### Dataset excerpt
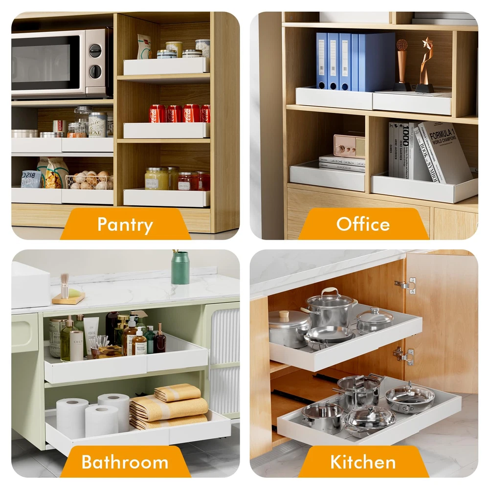 Expandable Drawer: The PXRACK pull out cabinet drawer organizer with an extendable design can be adjusted to fit different kitchen cabinets. It measures 17" d *2.3" h, and from 12.6" to 20.5" in width. Therefore, you can just adjust the slide out drawers for kitchen cabinets base as you need. Please measure the size of the cabinets in your home before purchase, and select the corresponding product size according to the cabinet size. Easy Installation: The pull out drawers for cabinets contain detailed instructions, easy to install, no need to drill & nail, and just follow the manual, you can finish the installation in 10S. Perfect for your kitchen, bathroom, under sink and pantry storage organizing. Heavy-Duty: The slide out drawers for kitchen cabinets are made of heavy-duty metal with an extra smooth sliding system to accommodate a large number of pots and pans, placing glides beneath the drawers, and not on the sides, maximizes every inch of your valuable cabinet space while providing a sleek and seamless look. Smooth and Quiet Slides: Our sliding drawers for cabinets designed with damping guide rails, and damping guide rails have been tested by many times of opening and closing. Our slide out cabinet organizer slides out all the way, providing you with easy access, it can slide smoothly without unpleasant noise. Slide Out Drawers: Organizing your cabinet space just got easier with the cabinet pull out shelves, you can make the most of cabinet space and easily access all your pots, pans, small kitchen appliances, cleaning products, canned goods, and other items.
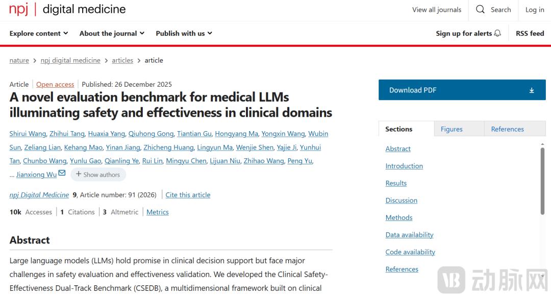 2025年12月,上述研究成果已在Nature旗下顶级期刊《npj Digital Medicine》上发表,MedGPT在测评中位列全球第一。CSEDB推动医疗AI评估从标准化考试向真实临床决策跨越,为未来医疗AGI评估标准构建探索出可行路径。
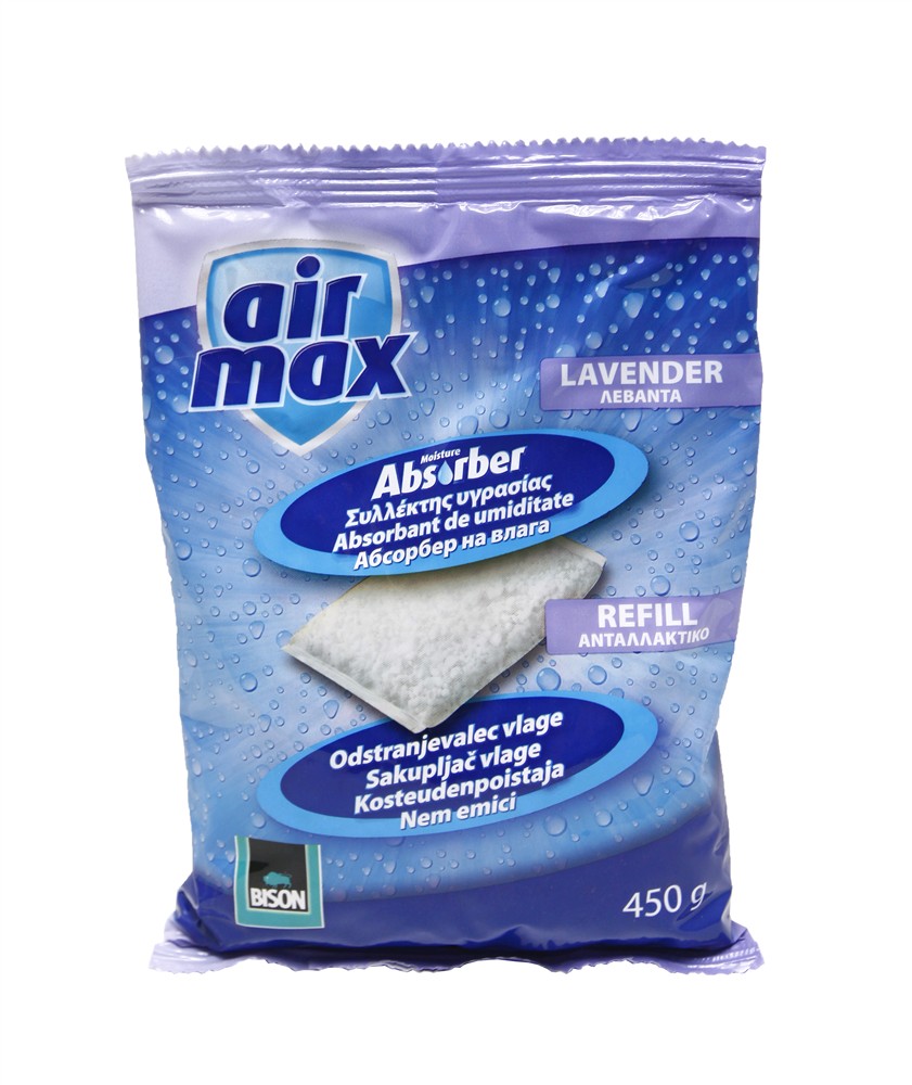 Qese praktike mbushëse për Air Max absorvues lagështire. Zvogëlon lagështirën e lartë të ajrit në dhoma të mbyllura me pak ose aspak ventilim. I përshtatshëm për anije, dollap rrobash, papafingo, bodrum, salla, kopësht, kuzhinë. Përhap një aromë të këndshme. 450 gr punon përafërsisht 3 muaj në një dhomë deri në 30 m ³. Një 450 ge mbushëse thith përafërsisht 0.5 litra ujë në varësi të temperaturës, lagështisë së ajrit dhe madhësisë së dhomës.
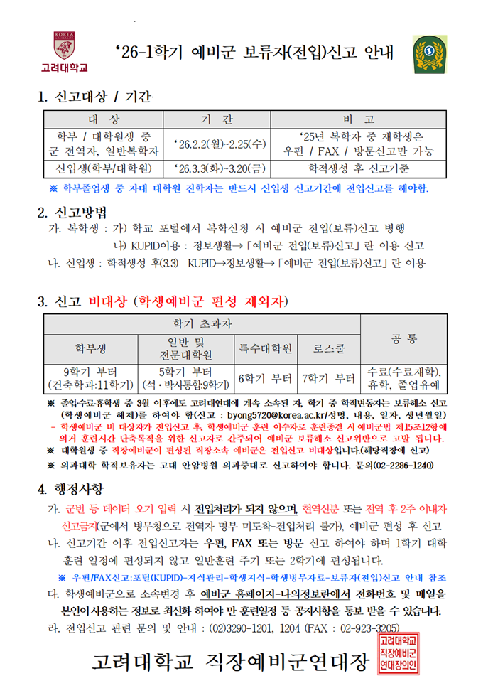 제목 26-1학기 학생예비군 보류자(전입) 신고 안내

### Exercise aim
Repeat the data verbatim, excluding all pictures.

### Result for this task
 Expandable Drawer: The PXRACK pull out cabinet drawer organizer with an extendable design can be adjusted to fit different kitchen cabinets. It measures 17" d *2.3" h, and from 12.6" to 20.5" in width. Therefore, you can just adjust the slide out drawers for kitchen cabinets base as you need. Please measure the size of the cabinets in your home before purchase, and select the corresponding product size according to the cabinet size. Easy Installation: The pull out drawers for cabinets contain detailed instructions, easy to install, no need to drill & nail, and just follow the manual, you can finish the installation in 10S. Perfect for your kitchen, bathroom, under sink and pantry storage organizing. Heavy-Duty: The slide out drawers for kitchen cabinets are made of heavy-duty metal with an extra smooth sliding system to accommodate a large number of pots and pans, placing glides beneath the drawers, and not on the sides, maximizes every inch of your valuable cabinet space while providing a sleek and seamless look. Smooth and Quiet Slides: Our sliding drawers for cabinets designed with damping guide rails, and damping guide rails have been tested by many times of opening and closing. Our slide out cabinet organizer slides out all the way, providing you with easy access, it can slide smoothly without unpleasant noise. Slide Out Drawers: Organizing your cabinet space just got easier with the cabinet pull out shelves, you can make the most of cabinet space and easily access all your pots, pans, small kitchen appliances, cleaning products, canned goods, and other items.
 2025年12月,上述研究成果已在Nature旗下顶级期刊《npj Digital Medicine》上发表,MedGPT在测评中位列全球第一。CSEDB推动医疗AI评估从标准化考试向真实临床决策跨越,为未来医疗AGI评估标准构建探索出可行路径。
 Qese praktike mbushëse për Air Max absorvues lagështire. Zvogëlon lagështirën e lartë të ajrit në dhoma të mbyllura me pak ose aspak ventilim. I përshtatshëm për anije, dollap rrobash, papafingo, bodrum, salla, kopësht, kuzhinë. Përhap një aromë të këndshme. 450 gr punon përafërsisht 3 muaj në një dhomë deri në 30 m ³. Një 450 ge mbushëse thith përafërsisht 0.5 litra ujë në varësi të temperaturës, lagështisë së ajrit dhe madhësisë së dhomës.
 제목 26-1학기 학생예비군 보류자(전입) 신고 안내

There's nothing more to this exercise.